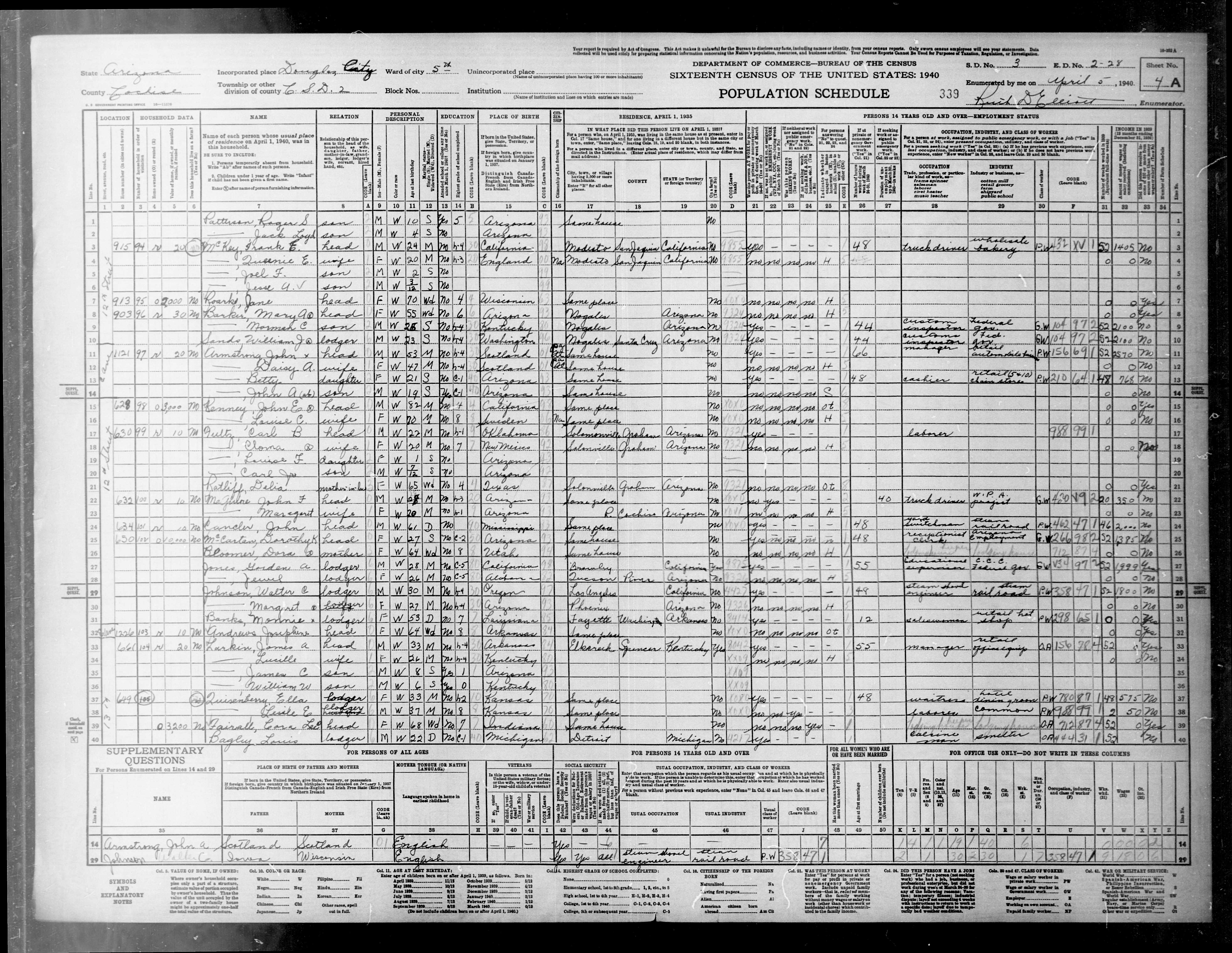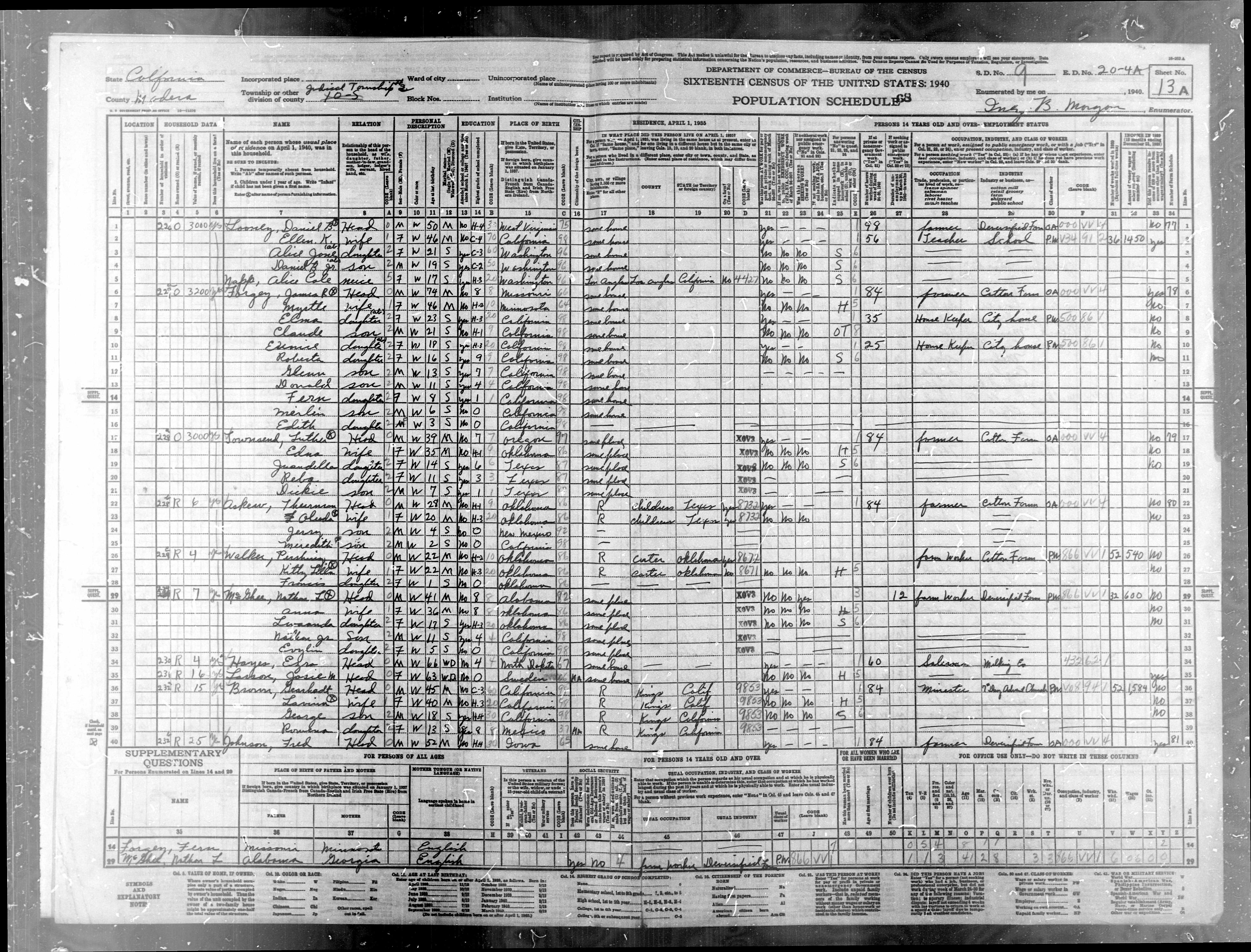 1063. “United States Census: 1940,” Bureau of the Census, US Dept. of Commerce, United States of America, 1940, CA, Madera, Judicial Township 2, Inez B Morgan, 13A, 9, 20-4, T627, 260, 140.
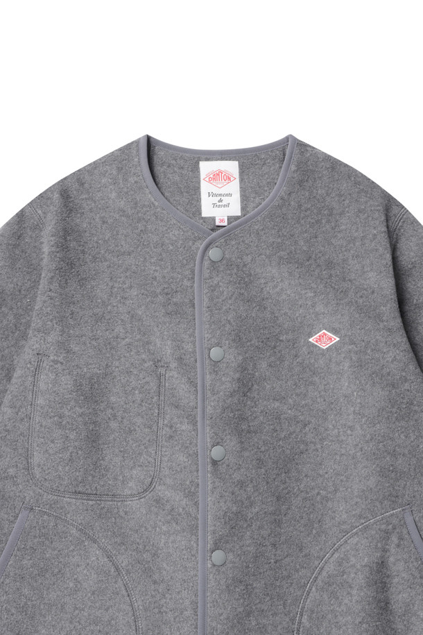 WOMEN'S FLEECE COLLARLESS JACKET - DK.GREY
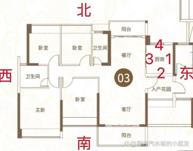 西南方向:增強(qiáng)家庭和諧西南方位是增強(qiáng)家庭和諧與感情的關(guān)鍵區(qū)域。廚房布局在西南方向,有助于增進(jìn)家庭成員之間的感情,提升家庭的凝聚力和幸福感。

=-=-=-=-=

**Task requirements:** Word-for-word repeat, images excluded: return all the data.

**Your response:**
 1063. “United States Census: 1940,” Bureau of the Census, US Dept. of Commerce, United States of America, 1940, CA, Madera, Judicial Township 2, Inez B Morgan, 13A, 9, 20-4, T627, 260, 140.
 WOMEN'S FLEECE COLLARLESS JACKET - DK.GREY
 西南方向:增強(qiáng)家庭和諧西南方位是增強(qiáng)家庭和諧與感情的關(guān)鍵區(qū)域。廚房布局在西南方向,有助于增進(jìn)家庭成員之間的感情,提升家庭的凝聚力和幸福感。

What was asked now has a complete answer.